Citing the rapidly changing stances of President Donald Trump and U.S. courts, Rep. Mark Pody, R-Lebanon took his controversial bathroom bill off notice from a house subcommittee Tuesday.
"I wanted to come up with a bill that is common sense and good policy for everybody," Pody said in the House Education Administration and Planning Subcommittee. "I have never seen an administration, courts and everything changing so quickly almost week to week."
Pody's bill would require students in public schools and universities to use restrooms and locker rooms that correspond with the sex on their birth certificates. It has drawn nationwide criticism from opponents who say it discriminates against LGBT students.
While Pody did take the bill off notice, he did leave the door open for its reintroduction later this session.
"We need to work on a different type of amendment to bring language in that would make the bill more appropriate," Pody said.
This is the second time in two years attempts to regulate public bathroom use in schools has failed. Last year, the House sponsor of a similar bill withdrew her legislation for further study.
Pody's bill carried a hefty fiscal note, with the potential for costing the state over $1 billion in federal funds. The fiscal note goes on to estimate that the Davidson County area alone could lose over $500,000 in local tax revenue with the loss of conventions in opposition to the bill.
Last week the Department of Education and the Department of Justice withdrew federal guidelines from the Obama administration that permitted students to use restrooms of their chosen gender. Tennessee Attorney General Herb Slatery and Lt. Gov. Randy McNally applauded the withdraw as a victory of states rates. McNally went on to say that the bathroom bill was rendered unnecessary thanks to the new direction.
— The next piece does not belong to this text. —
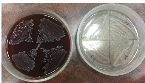
Photo2. Microorganisms growing on 5% sheep blood agar, meat peptone agar

Opponents of the bill gathered in Legislative Plaza before the subcommittee to voice their concerns. Members of the Tennessee Equality Project, ALCU and the LGBT chamber of commerce condemned not only the bathroom bill, but what they called a "slate of hate" in the state legislature. Those bills include the "Natural Marriage Defense Act" and a bill that critics argue would allow businesses to discriminate against LGBT community.
"We have watched again and again as lawmakers propose legislation that sends the clear message that LGBT Tennesseans are less than- that they and their families deserve fewer rights than others," said the executive director of the ACLU of Tennessee Hedy Weinberg.
Head of the Tennessee Equality Project Chris Sander said more than 50 members of clergy from around Tennessee have signed on to a letter that began circulating last week opposing anti-LGBT legislation as well.